## PROBLEM DESCRIPTION
Take the data below and copy exactly the lines starting at the one with "Door of the" and finishing at the one with "Location of Hejiang", both included.

## EXERCISE DATA
┌────────

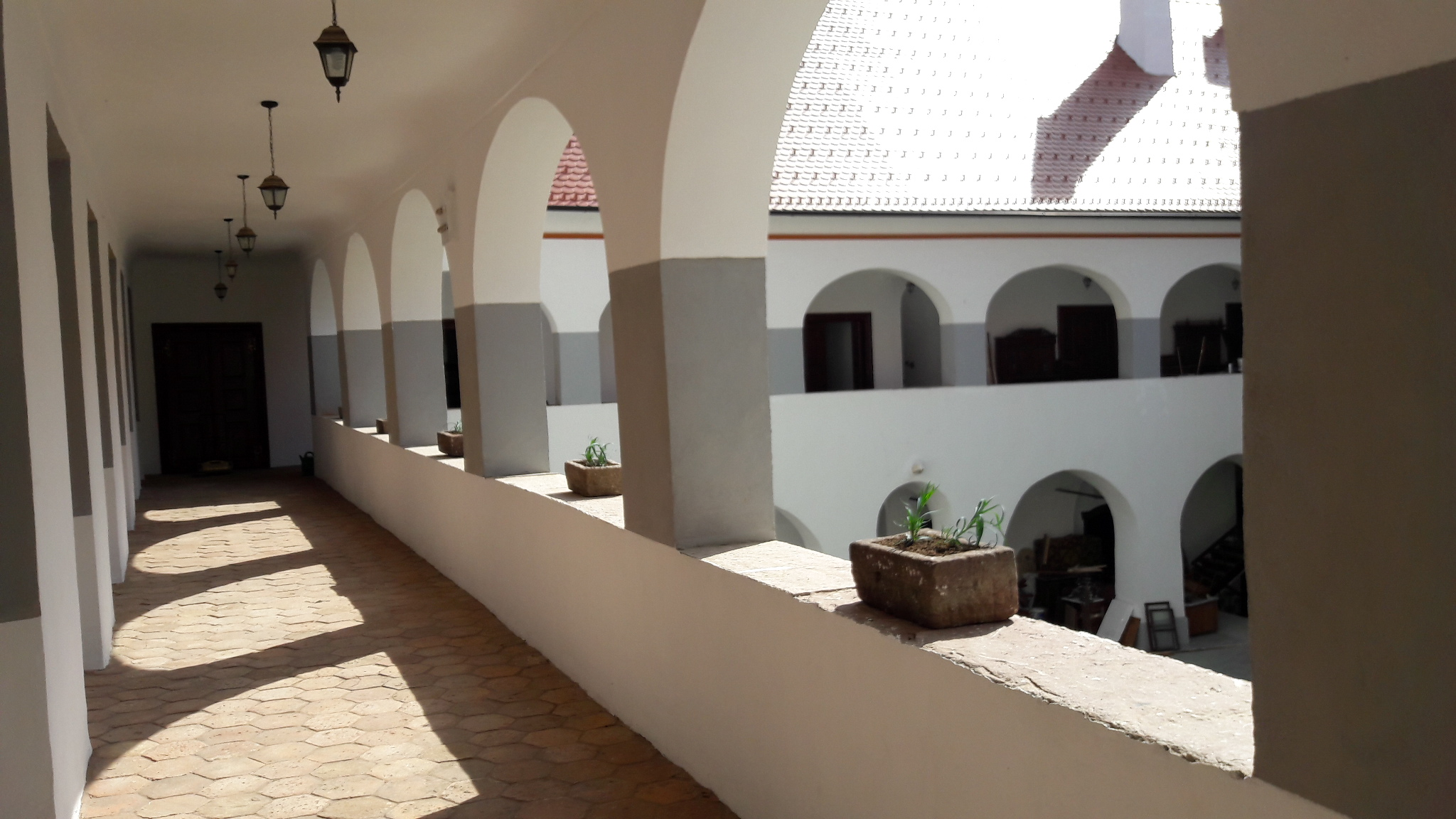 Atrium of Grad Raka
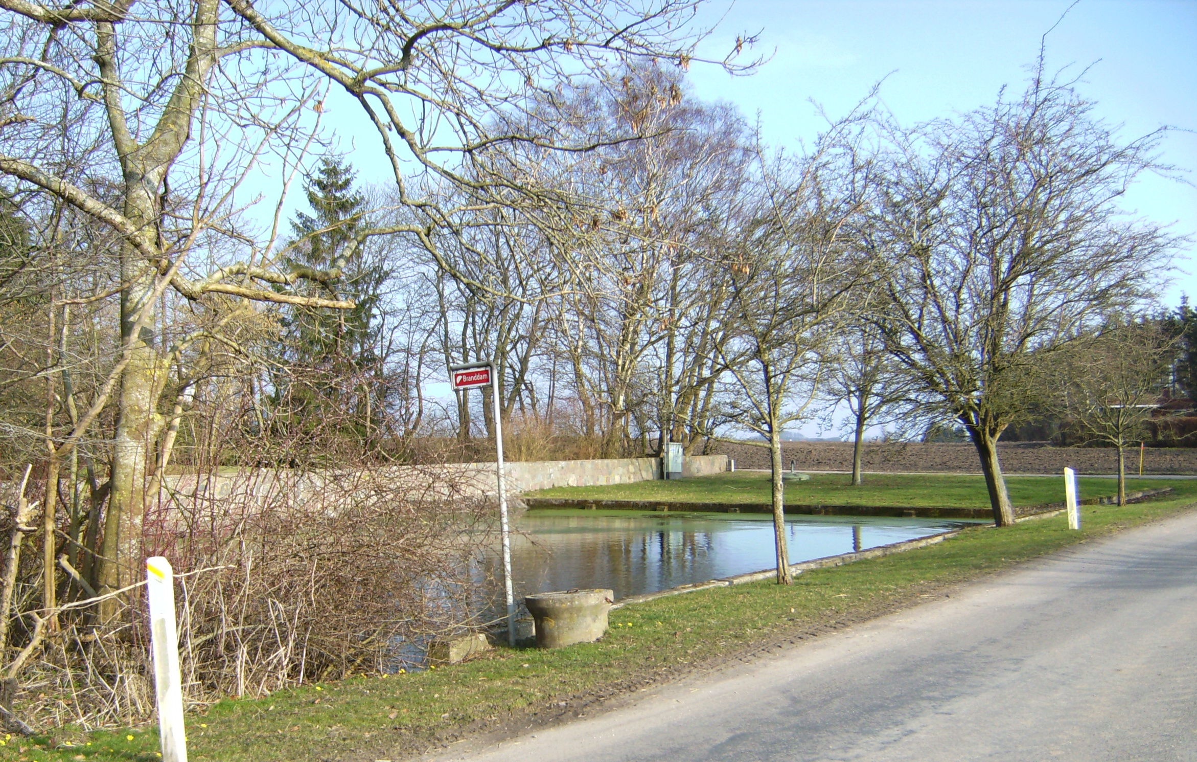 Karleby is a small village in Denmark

└────────
┌────────

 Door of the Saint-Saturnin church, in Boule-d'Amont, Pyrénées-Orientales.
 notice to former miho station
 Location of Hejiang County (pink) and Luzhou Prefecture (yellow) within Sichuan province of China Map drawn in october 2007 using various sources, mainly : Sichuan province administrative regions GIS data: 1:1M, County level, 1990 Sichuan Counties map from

└────────
┌────────

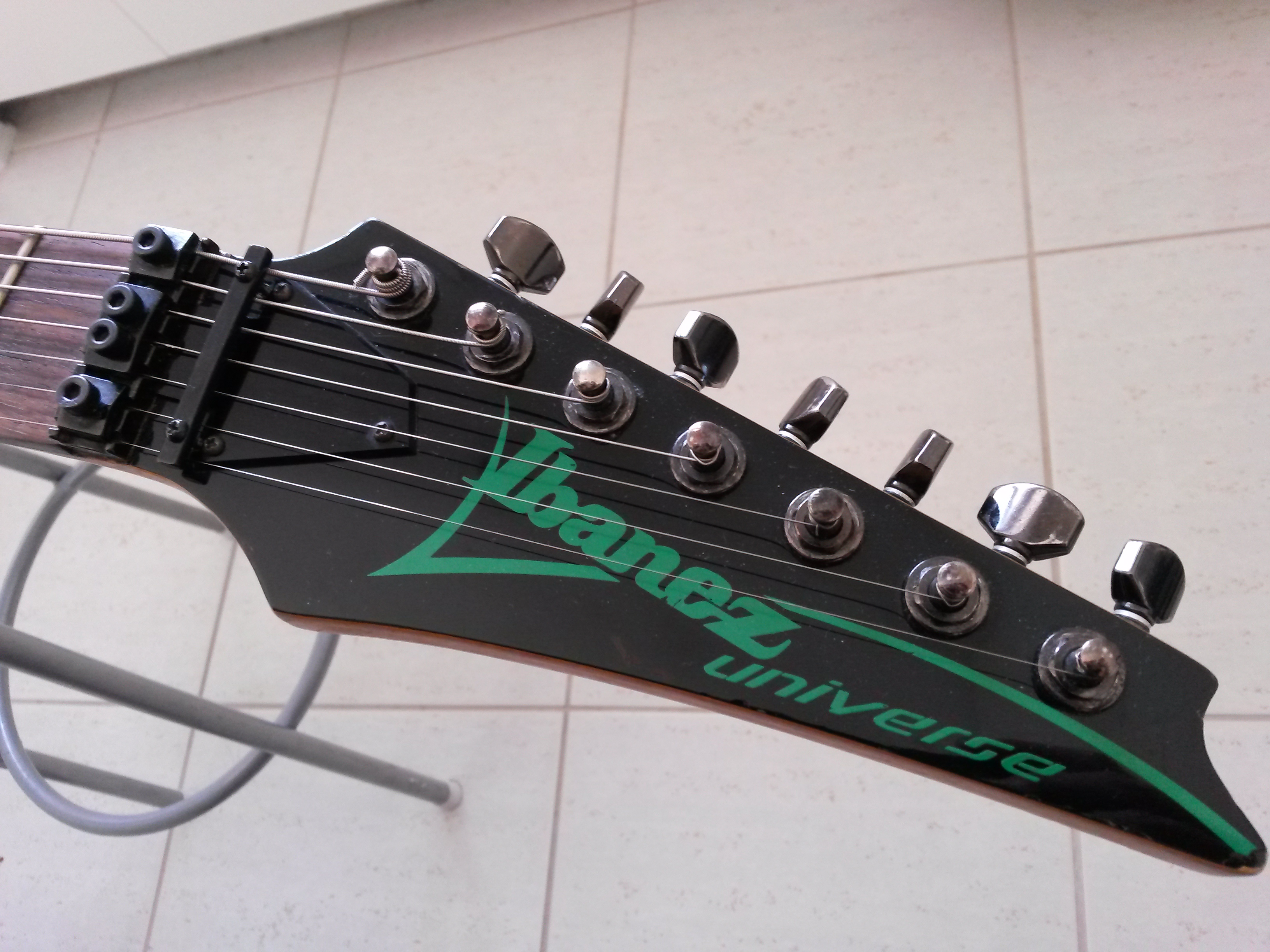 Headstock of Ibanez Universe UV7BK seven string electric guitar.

└────────

## RESPONSE AREA
 Door of the Saint-Saturnin church, in Boule-d'Amont, Pyrénées-Orientales.
 notice to former miho station
 Location of Hejiang County (pink) and Luzhou Prefecture (yellow) within Sichuan province of China Map drawn in october 2007 using various sources, mainly : Sichuan province administrative regions GIS data: 1:1M, County level, 1990 Sichuan Counties map from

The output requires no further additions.